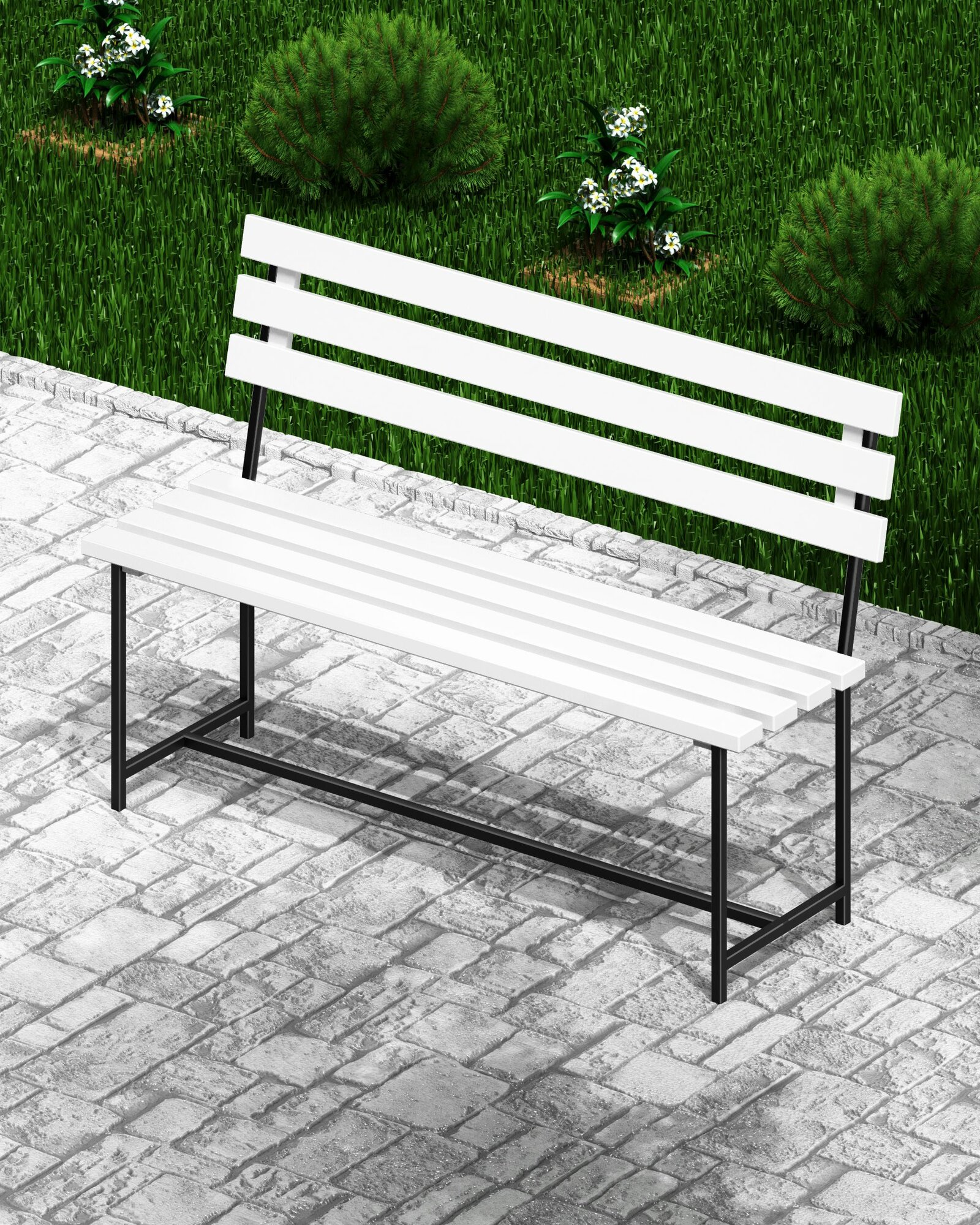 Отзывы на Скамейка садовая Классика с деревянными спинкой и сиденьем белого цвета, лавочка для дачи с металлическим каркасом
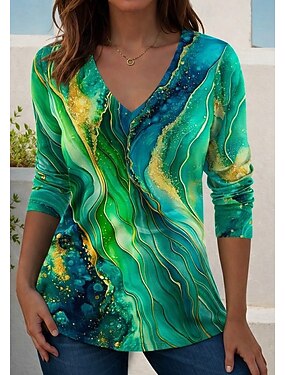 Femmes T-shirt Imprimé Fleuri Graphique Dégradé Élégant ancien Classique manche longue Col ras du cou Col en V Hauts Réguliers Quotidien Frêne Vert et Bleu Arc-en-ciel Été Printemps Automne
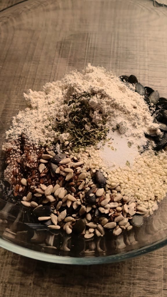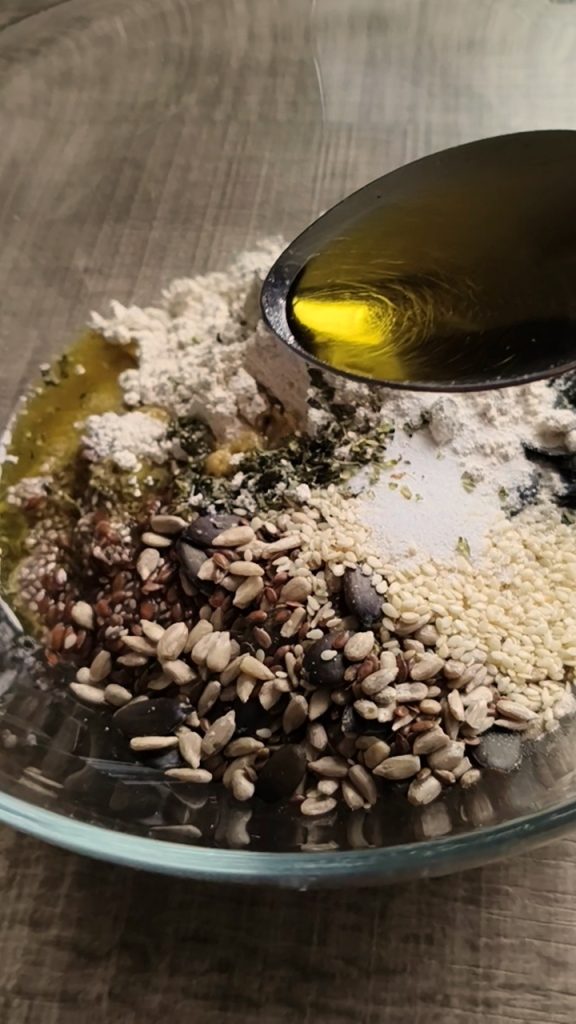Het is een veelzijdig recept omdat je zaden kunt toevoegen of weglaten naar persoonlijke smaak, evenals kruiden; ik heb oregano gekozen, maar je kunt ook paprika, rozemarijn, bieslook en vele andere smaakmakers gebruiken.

Exercise aim: All of the data above must be printed exactly, minus its pictures.

Response to this exercise:
 Отзывы на Скамейка садовая Классика с деревянными спинкой и сиденьем белого цвета, лавочка для дачи с металлическим каркасом
 Femmes T-shirt Imprimé Fleuri Graphique Dégradé Élégant ancien Classique manche longue Col ras du cou Col en V Hauts Réguliers Quotidien Frêne Vert et Bleu Arc-en-ciel Été Printemps Automne
Het is een veelzijdig recept omdat je zaden kunt toevoegen of weglaten naar persoonlijke smaak, evenals kruiden; ik heb oregano gekozen, maar je kunt ook paprika, rozemarijn, bieslook en vele andere smaakmakers gebruiken.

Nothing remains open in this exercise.